Корнеев записывал. Картина складывалась знакомая до тошноты: пришлый хозяин, взявший больше положенного, поругавший старые законы, выжимающий из земли всё до капли. Так было на болоте — турбаза, что хотела построить курорт на трясине. Так было в лесу — лесозаготовители, что брали больше, чем лес мог отдать. Так было на озере — девелопер, скупивший берега. Везде одно и то же: человек берёт, не спросясь, и будит то, что лучше бы спало.
Телефон Голубева зазвонил — резко, тревожно в тишине дома. Парень глянул на экран и побледнел.
— Куратор, — прошептал он. — Полковник Дёгтев. Из области. Тот, что ваш номер мне дал.
Корнеев протянул руку.
— Дайте сюда. Лучше я сразу.
Голубев с облегчением отдал трубку.
— Корнеев, — сказал Дмитрий.
— А, легендарный Корнеев. — Голос в трубке был прокуренный, тяжёлый, привыкший к подчинению. — Мне доложили, что вы доехали.
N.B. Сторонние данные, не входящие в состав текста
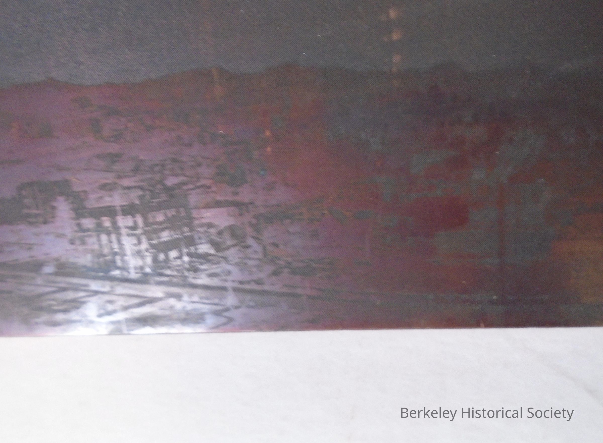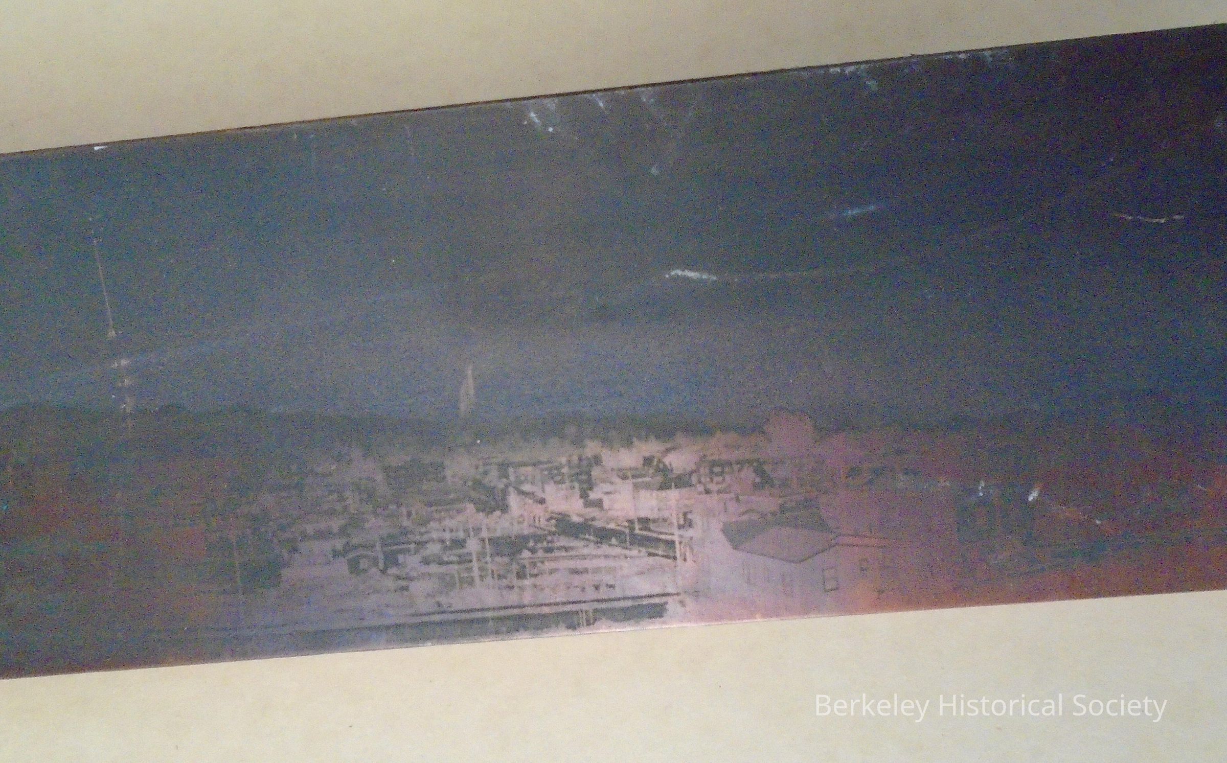Panorama printer's block with early image of Berkeley. Shows a major street with some multi-story buildings. Wooden block with engraved copper plate attached. Some white paper with image glued to bottom on back side. Paper is coming off wood. Possibly from Berkeley Gazette.Lexicon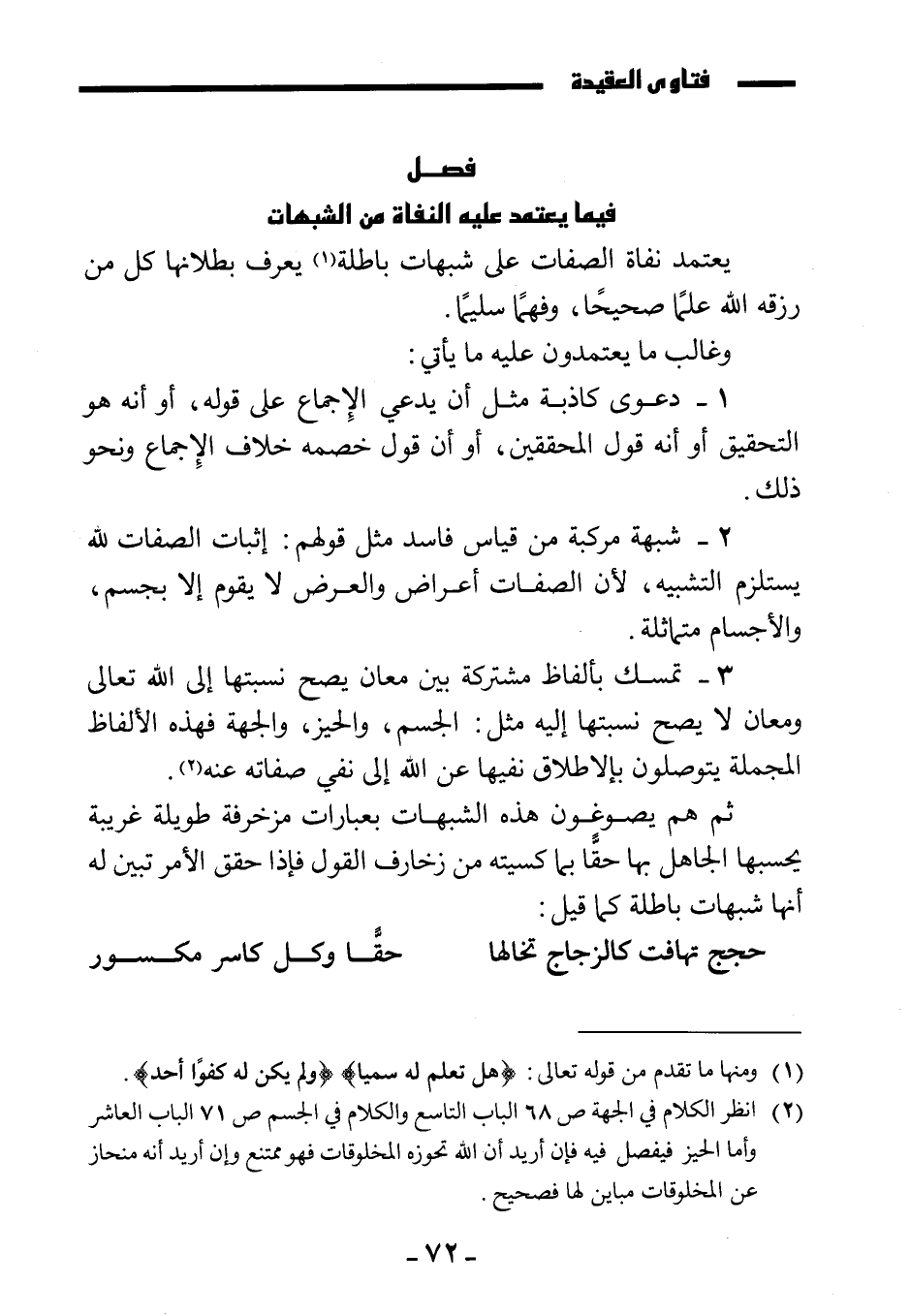 يعتمد نفاة الصفات على شبهات باطلة (¬1) يعرف بطلانها كل من رزقه الله علما صحيحا وفهما سليما.

И что первым делом велели остановить сушилки на режимном предприятии. Вы хоть понимаете, во что мне это встанет? Холдинг — крупнейший налогоплательщик района. Директор уже накатал телегу губернатору.
— У вас четыре трупа, товарищ полковник, — спокойно сказал Корнеев. — Скоро будет пять. Сушилки — источник. Пока они работают, люди гибнут. Это не моя прихоть. Это техника безопасности.
— Какая техника! — рявкнул Дёгтев. — Эксперт сказал — установки исправны! Нет источника возгорания! Вы мне даёте мистику вместо протокола!
— Я даю вам факты, — сказал Корнеев. — А факты пока не складываются в вашу любимую картину. Дайте мне время. Я отработаю всё — включая версию с поджогом, включая холдинг, включая местных. И если в конце останется только мистика — это будет не моя вера, а вычеркнутые версии. Так работает следствие. Вы это знаете.
В трубке помолчали. Потом Дёгтев сказал — уже тише, но не мягче:
— У вас неделя, Корнеев. Через неделю на стол губернатору ляжет либо вменяемая версия, либо ваш рапорт об отстранении. Я вас вытащил из небытия не для того, чтобы вы там в чертей играли. Не подведите. И... — пауза, — берегите себя. Я навёл справки. После Чернотопья за вами тянется... странный шлейф. Слишком много необъяснимого. Не нравится мне это.
Отбой.
Корнеев положил трубку. Голубев смотрел на него с ужасом и надеждой.
— Неделя, — сказал Корнеев. — До Покрова как раз чуть больше. — Он усмехнулся. — Начальство, само того не зная, всегда ставит верные сроки. Покров — вот наш дедлайн. И не мой. Дедов.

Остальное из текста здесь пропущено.